Would you copy the listing below exactly, keeping the pictures out?
============
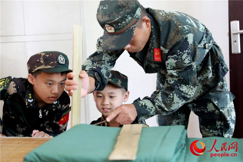 在武警百色支队官兵宿舍内,武警战士教“萌娃”叠被子。
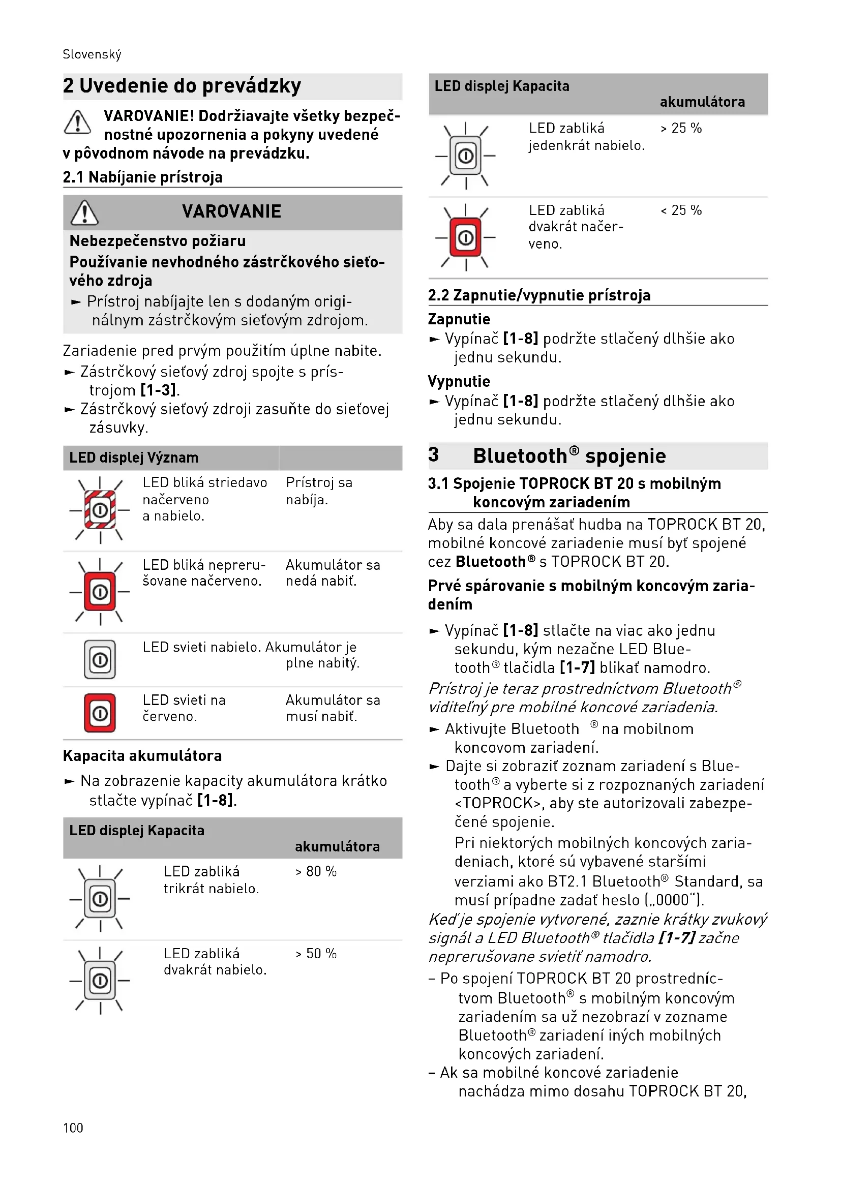- Vykon Bluetooth® spojenia moze byt'v závislosti od pripojeného mobilného koncového zariadenia odliśny. Pred spojenim s TOPROCK BT 20 vždy skontrolujte funkć-nostBluetooth® mobilného koncového zariadenia.
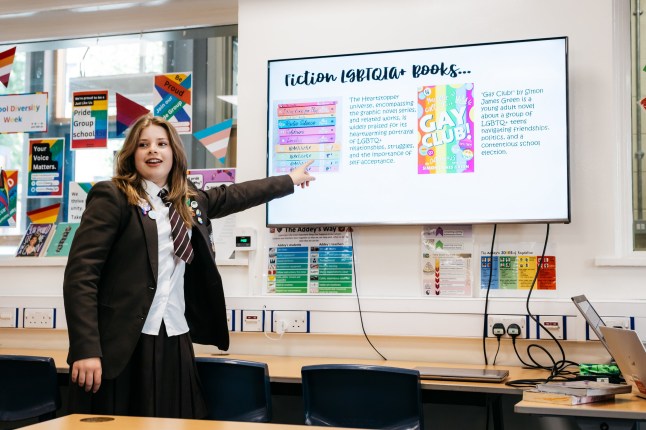 Aoife runs the school’s Pride Group,which she hopes will be a ‘safe place’ for queer young people (Picture: Just Like Us)
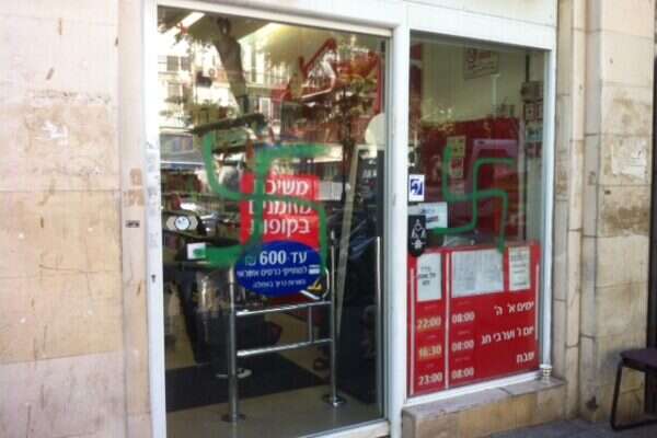 צילום: רוני שיצר // צלבי קרס על חלונות חנות ביפו
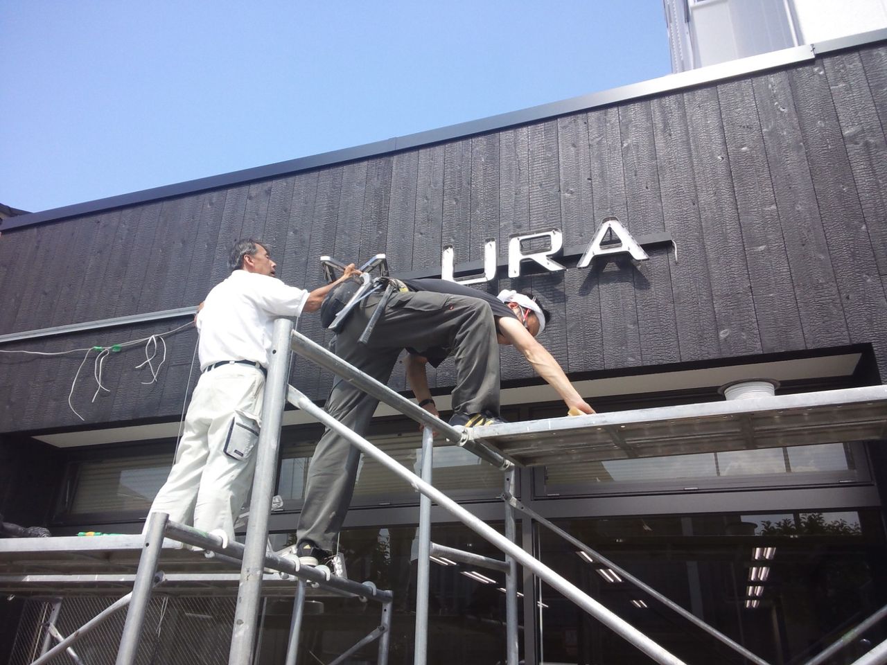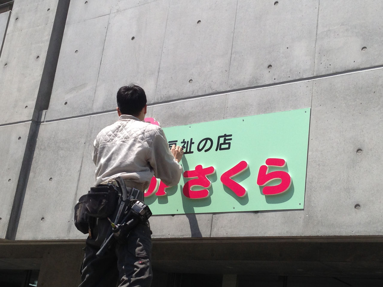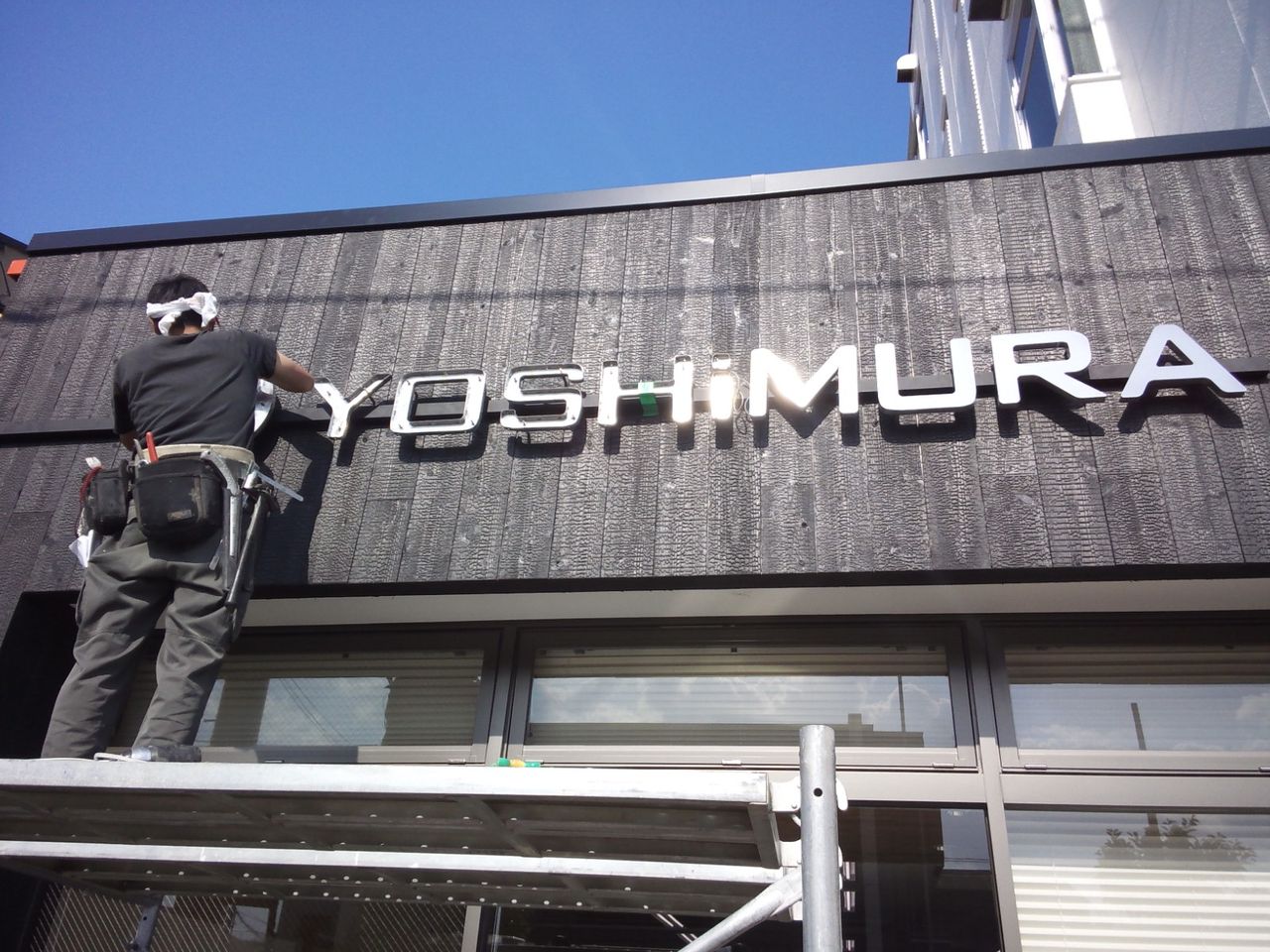今回の施工内容は、バックライトの箱文字と切り文字の取付、入り口のカッティングシートの3カ所です
============
- **Reply to the exercise**
 在武警百色支队官兵宿舍内,武警战士教“萌娃”叠被子。
- Vykon Bluetooth® spojenia moze byt'v závislosti od pripojeného mobilného koncového zariadenia odliśny. Pred spojenim s TOPROCK BT 20 vždy skontrolujte funkć-nostBluetooth® mobilného koncového zariadenia.
 Aoife runs the school’s Pride Group,which she hopes will be a ‘safe place’ for queer young people (Picture: Just Like Us)
 צילום: רוני שיצר // צלבי קרס על חלונות חנות ביפו
今回の施工内容は、バックライトの箱文字と切り文字の取付、入り口のカッティングシートの3カ所です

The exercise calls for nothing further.